Reproduce exactly the lines of this material that begin at the line with "Modernes T-Shirt von" and end at the line with "关于遴选内蒙古医科大学人才项目评审专家库成员的通知(内医人发[2022]6号)", both included. Omit the pictures and everything else.

> [The data]
- Opening Delimiter -
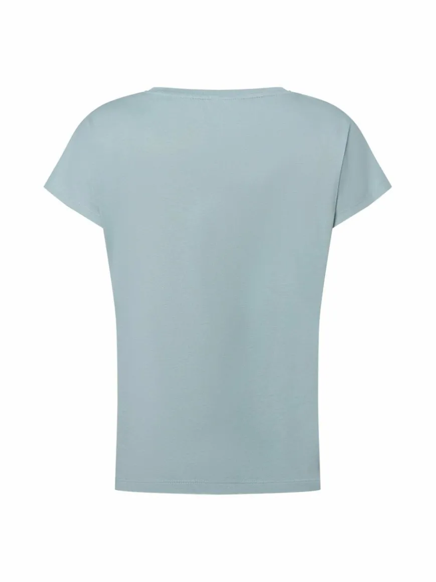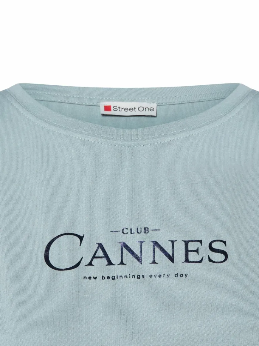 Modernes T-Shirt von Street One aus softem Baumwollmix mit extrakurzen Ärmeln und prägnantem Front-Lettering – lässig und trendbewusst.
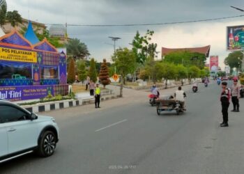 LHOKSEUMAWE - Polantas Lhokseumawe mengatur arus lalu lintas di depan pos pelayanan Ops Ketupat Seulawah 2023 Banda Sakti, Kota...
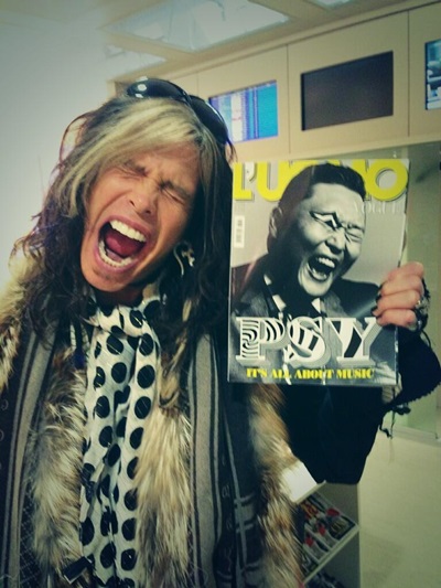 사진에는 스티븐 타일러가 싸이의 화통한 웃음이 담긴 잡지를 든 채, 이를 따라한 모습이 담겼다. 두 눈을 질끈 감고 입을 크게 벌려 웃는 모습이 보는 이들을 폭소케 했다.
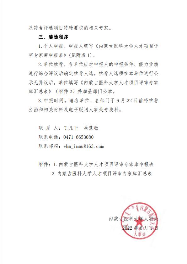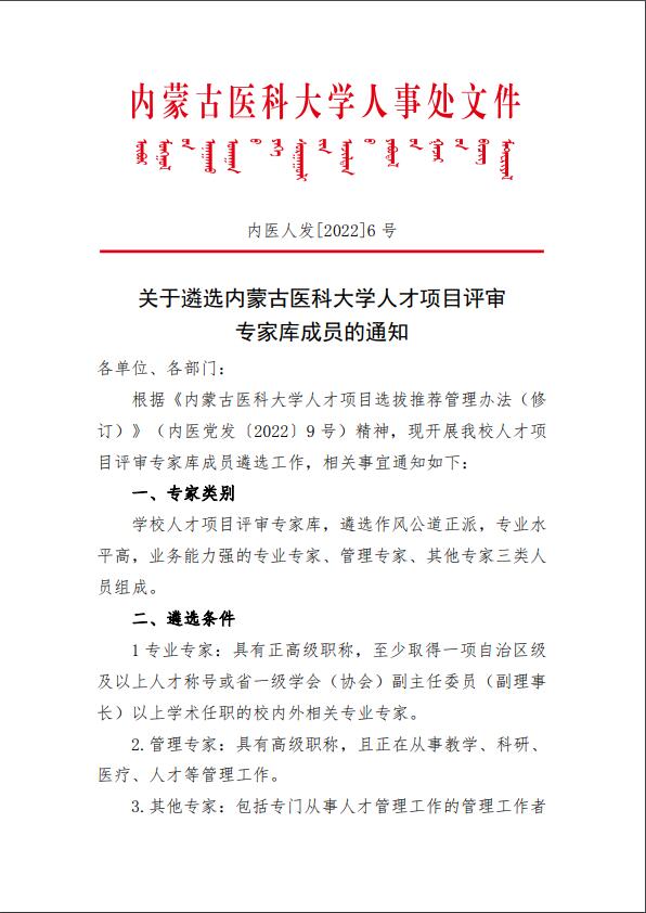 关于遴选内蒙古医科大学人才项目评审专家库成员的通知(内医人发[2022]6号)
- Closing Delimiter -
- Opening Delimiter -
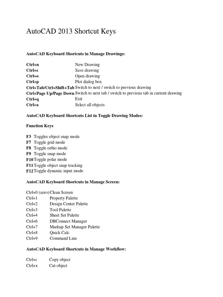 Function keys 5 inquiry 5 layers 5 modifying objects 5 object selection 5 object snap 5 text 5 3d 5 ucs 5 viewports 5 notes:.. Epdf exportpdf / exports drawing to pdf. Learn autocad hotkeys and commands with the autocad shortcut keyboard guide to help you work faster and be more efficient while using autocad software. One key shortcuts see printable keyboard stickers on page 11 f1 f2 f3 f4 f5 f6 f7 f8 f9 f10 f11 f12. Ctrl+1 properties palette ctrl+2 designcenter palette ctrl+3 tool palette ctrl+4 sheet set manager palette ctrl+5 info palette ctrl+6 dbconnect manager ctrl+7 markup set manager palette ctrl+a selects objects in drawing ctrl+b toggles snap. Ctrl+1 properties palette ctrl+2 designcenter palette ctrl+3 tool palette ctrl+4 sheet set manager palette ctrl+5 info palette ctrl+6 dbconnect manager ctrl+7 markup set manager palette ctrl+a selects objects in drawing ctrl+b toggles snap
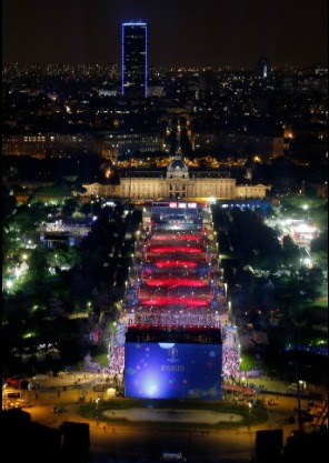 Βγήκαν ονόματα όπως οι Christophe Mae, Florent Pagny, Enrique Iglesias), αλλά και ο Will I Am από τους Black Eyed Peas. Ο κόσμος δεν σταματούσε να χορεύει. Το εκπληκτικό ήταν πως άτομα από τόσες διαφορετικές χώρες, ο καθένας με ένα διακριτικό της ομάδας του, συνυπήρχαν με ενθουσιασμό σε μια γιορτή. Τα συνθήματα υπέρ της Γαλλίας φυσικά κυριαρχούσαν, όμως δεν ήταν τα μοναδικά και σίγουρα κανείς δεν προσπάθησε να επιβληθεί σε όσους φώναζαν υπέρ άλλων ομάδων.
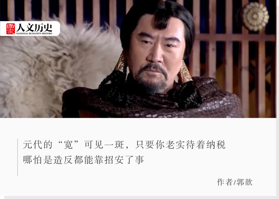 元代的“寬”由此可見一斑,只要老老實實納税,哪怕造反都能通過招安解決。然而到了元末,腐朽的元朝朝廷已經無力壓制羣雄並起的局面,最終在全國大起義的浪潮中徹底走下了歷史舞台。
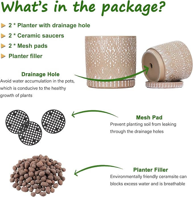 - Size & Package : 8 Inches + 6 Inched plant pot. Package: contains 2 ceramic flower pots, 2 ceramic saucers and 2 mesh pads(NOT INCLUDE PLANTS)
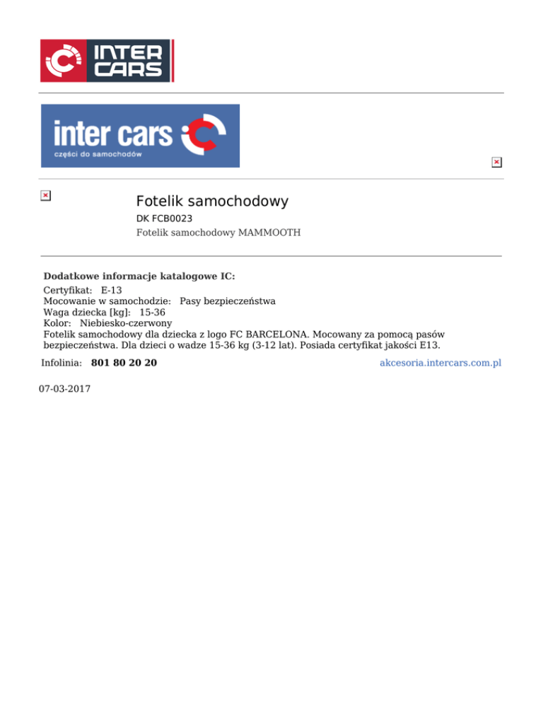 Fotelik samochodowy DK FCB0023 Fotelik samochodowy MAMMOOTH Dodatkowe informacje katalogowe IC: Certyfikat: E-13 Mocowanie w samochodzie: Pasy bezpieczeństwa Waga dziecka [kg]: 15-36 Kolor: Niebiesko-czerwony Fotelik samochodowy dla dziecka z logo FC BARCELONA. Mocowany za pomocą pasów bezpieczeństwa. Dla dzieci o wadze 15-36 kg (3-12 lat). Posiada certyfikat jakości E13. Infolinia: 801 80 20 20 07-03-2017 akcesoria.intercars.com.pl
- Closing Delimiter -
> [Expected output]
 Modernes T-Shirt von Street One aus softem Baumwollmix mit extrakurzen Ärmeln und prägnantem Front-Lettering – lässig und trendbewusst.
 LHOKSEUMAWE - Polantas Lhokseumawe mengatur arus lalu lintas di depan pos pelayanan Ops Ketupat Seulawah 2023 Banda Sakti, Kota...
 사진에는 스티븐 타일러가 싸이의 화통한 웃음이 담긴 잡지를 든 채, 이를 따라한 모습이 담겼다. 두 눈을 질끈 감고 입을 크게 벌려 웃는 모습이 보는 이들을 폭소케 했다.
 关于遴选内蒙古医科大学人才项目评审专家库成员的通知(内医人发[2022]6号)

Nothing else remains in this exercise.